Жанр мозаики в русской литературе хорошо известен и давно получил право независимого существования. Он – этот жанр – имеет свои плюсы и свои минусы. Минусом, очевидно, можно счесть ту особенность мозаичного принципа биографии, при котором на одной странице, рядом, могут расположиться два свидетельства, взаимно опровергающих друг друга. Автор, имеющий определенную тенденцию в освещении своего героя, несомненно, проигнорирует то из них, которое не укладывается в тенденцию. Мозаика же как раз и подразумевает многозначность жизни, наличие в ней противоречивых фактов и оценок.

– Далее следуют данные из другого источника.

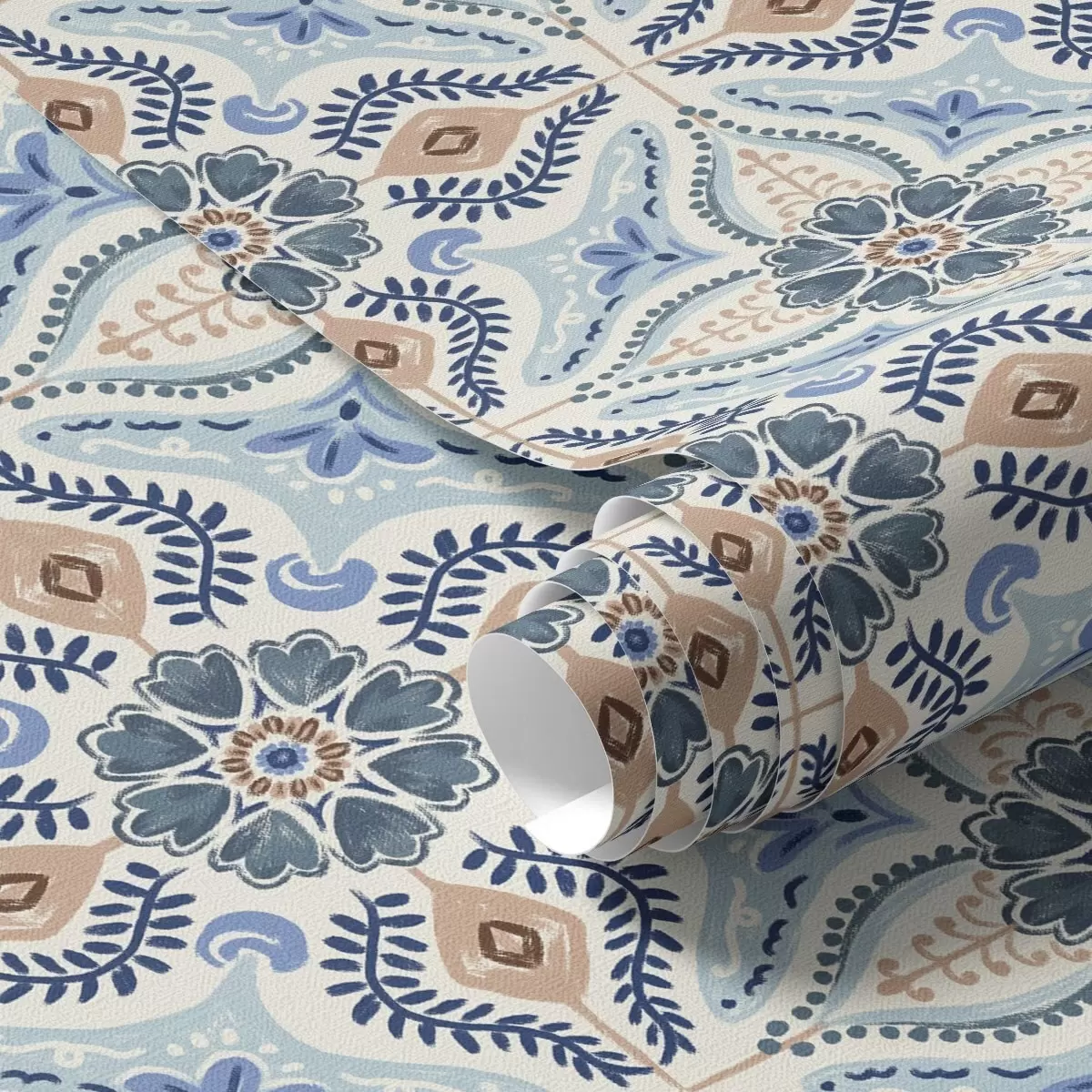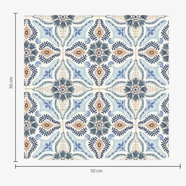 Tapet Blåbeige kakelstil ornament målad i akvarell Nr. a01085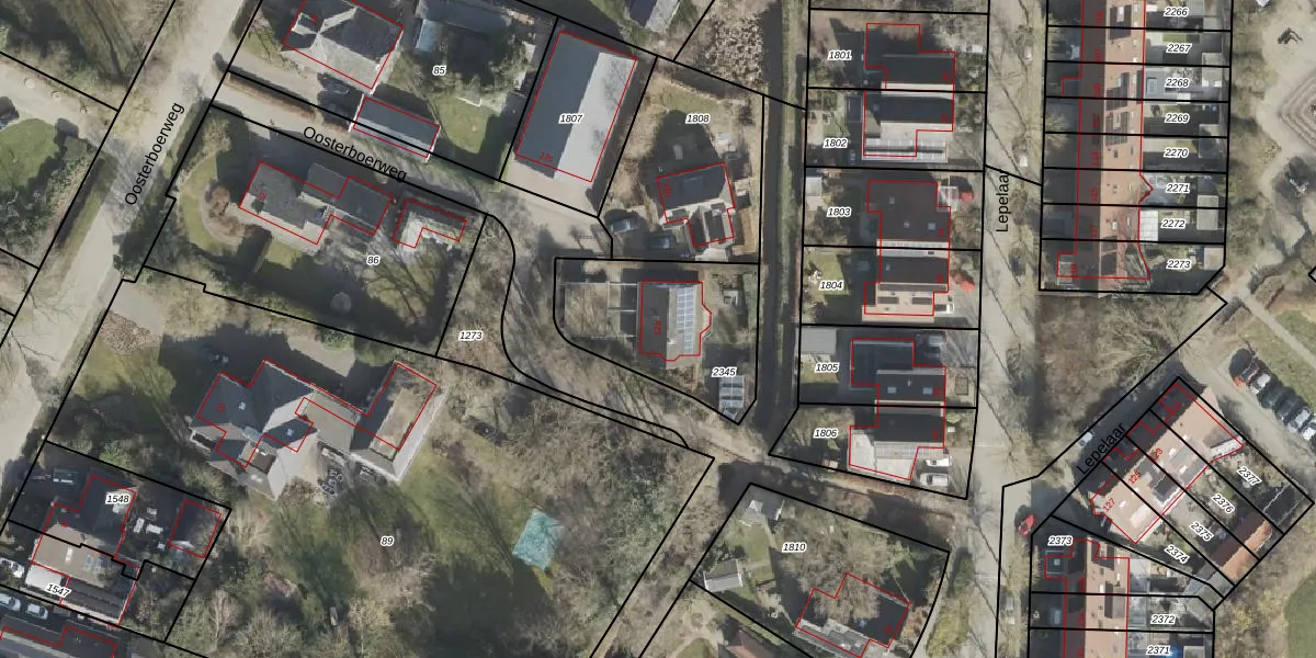 Het perceel waarop Oosterboerweg 12-A staat heeft een oppervlakte van 561 m². Dit is een groot perceel. De perceeloppervlakte wordt geregistreerd door het Kadaster. Gedetailleerde informatie over de maten van dit perceel kunt u vinden in het rapport Kadastrale kaart met maatvoering van Oosterboerweg 12-A.
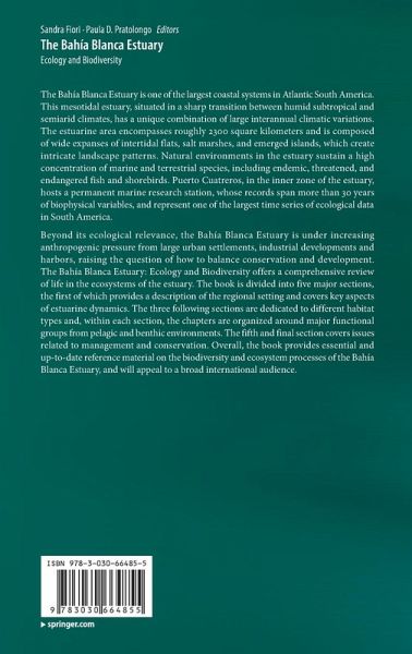 The Bahía Blanca Estuary is one of the largest coastal systems in Atlantic South America. This mesotidal estuary, situated in a sharp transition between humid subtropical and semiarid climates, has a unique combination of large interannual climatic variations. The estuarine area encompasses roughly 2300 square kilometers and is composed of wide expanses of intertidal flats, salt marshes, and emerged islands, which create intricate landscape patterns. Natural environments in the estuary sustain a high concentration of marine and terrestrial species, including endemic, threatened, and endangered fish and shorebirds. Puerto Cuatreros, in the inner zone of the estuary, hosts a permanent marine research station, whose records span more than 30 years of biophysical variables, and represent one of the largest time series of ecological data in South America. Beyond its ecological relevance, the Bahía Blanca Estuary is under increasing anthropogenic pressure from large urban settlements, industrial developments and harbors, raising the question of how to balance conservation and development. The Bahía Blanca Estuary: Ecology and Biodiversity offers a comprehensive review of life in the ecosystems of the estuary. The book is divided into five major sections, the first of which provides a description of the regional setting and covers key aspects of estuarine dynamics. The three following sections are dedicated to different habitat types and, within each section, the chapters are organized around major functional groups from pelagic and benthic environments. The fifth and final section covers issues related to management and conservation. Overall, the book provides essential and up-to-date reference material on the biodiversity and ecosystem processes of the Bahía Blanca Estuary, and will appeal to a broad international audience.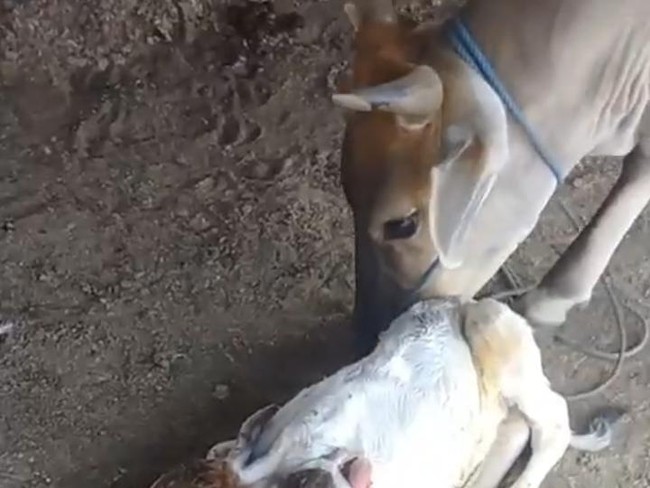 "Sapi berkepala dua," kata pria dalam video tersebut.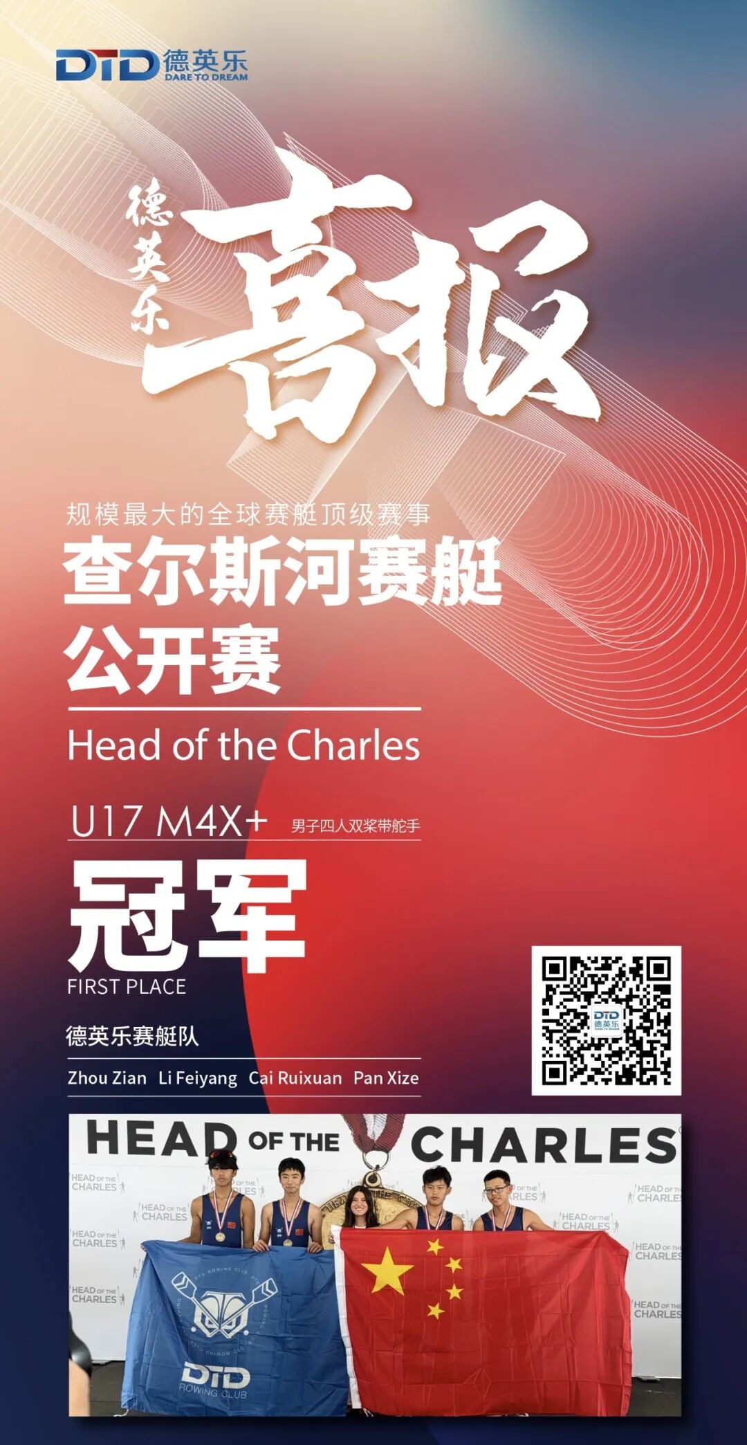 世界级冠军!60年来首支中国队伍登上查尔斯河公开赛冠军领奖台
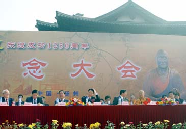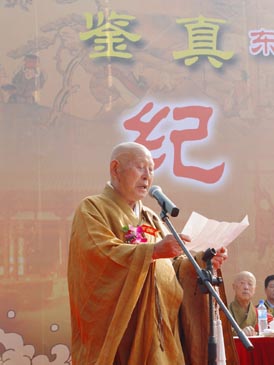 揚(yáng)州市市長(zhǎng)季建業(yè)在會(huì)上致辭。國(guó)家宗教事務(wù)局局長(zhǎng)葉小文、日本奈良唐招提寺益田快范長(zhǎng)老、臺(tái)灣佛光山開山宗長(zhǎng)星云、中日友好協(xié)會(huì)副會(huì)長(zhǎng)文遲等講了話。揚(yáng)州大明寺方丈能修也在會(huì)上致了辭。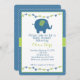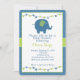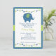 Perfeito para um bebê, este convite tem cores azuis e verdes com elefante bebê giro.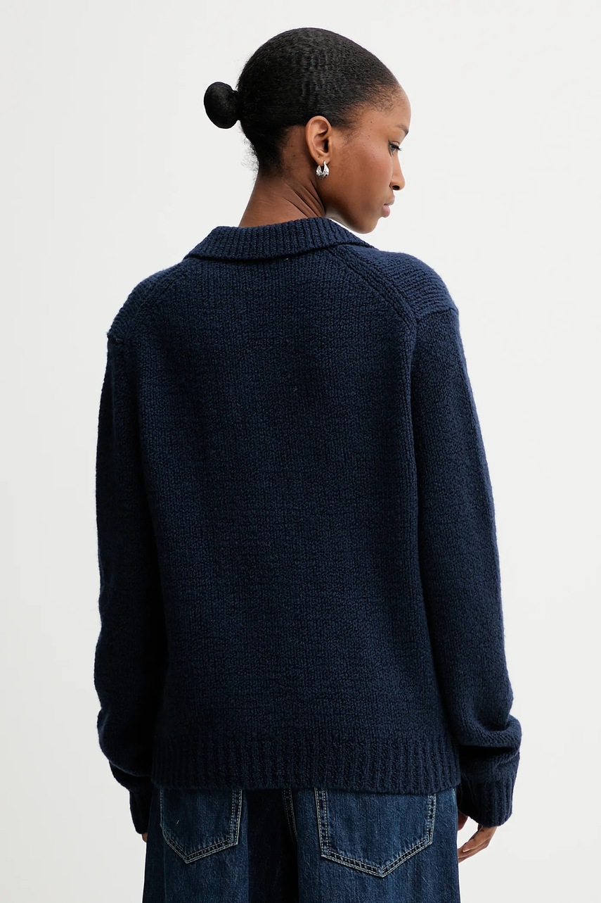 Calvin Klein Jeans sweter wełniany damski kolor granatowy ciepły LV144D341G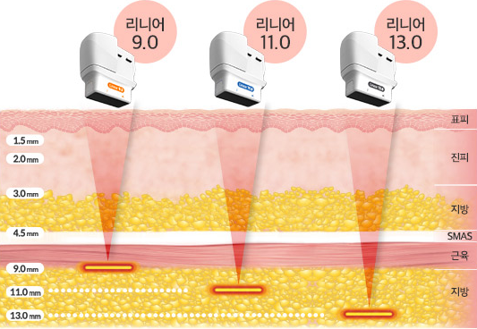 3 种类型的墨盒将能量精准地传送到各个皮肤层(真皮上层、真皮、筋膜 SMAS 层),形成凝固区并诱导胶原蛋白的产生。这可以减少面部皱纹并达到整体紧致皮肤的效果。
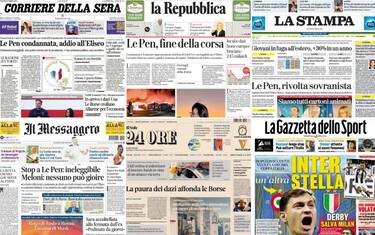La bufera politica in Francia con la condanna di Marine Le Pen per appropriazione indebita di fondi Ue, giudicata anche ineleggibile per l'Eliseo, l'impatto dei dazi Usa sulle Borse, il rogo di alcune Tesla a Roma ed il caso di una giovane 22enne accoltellata per strada a Messina. Questi alcuni dei principali temi presenti sulle prime pagine dei quotidiani, oggi in edicola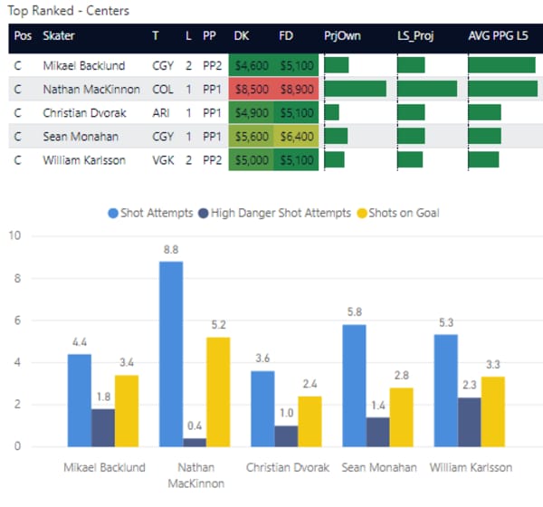 If you take anything away from this, keep in mind that hockey is a high-variance sport. The top ranked player in each category could be a great play or be a dud tonight. Going all in on any player probably isn't a great move.

Невольно встает вопрос о доверии к тем источникам, которые служат «свидетельскими показаниями».

Может ли быть объективен в своих оценках человек, даже если это сам Достоевский, когда он пишет о женщине, которую любил страстной, мучительной любовью и которая бросила его, отдавшись первому встречному?

Может ли быть объективна жена Достоевского, если ее муж за полгода до свадьбы пережил разлуку с той, которую любил и которой писал пронзительно-нежные письма, путешествуя с молодой супругой?

Может ли быть объективна дочь Достоевского, получившая из рук матери, безумно ревновавшей мужа к «его Полине», представление о ней как о служительнице Венеры?

Может ли быть объективным Розанов к своей жене, если она оставила его?

Могут ли быть объективны исследователи, изучающие творчество Достоевского или Розанова, если они невольно усваивают точку зрения тех, кем занимаются? В результате достоевсковеды относятся к Сусловой как бы вслед за Достоевским, а специалисты по Розанову – как бы вслед за Розановым.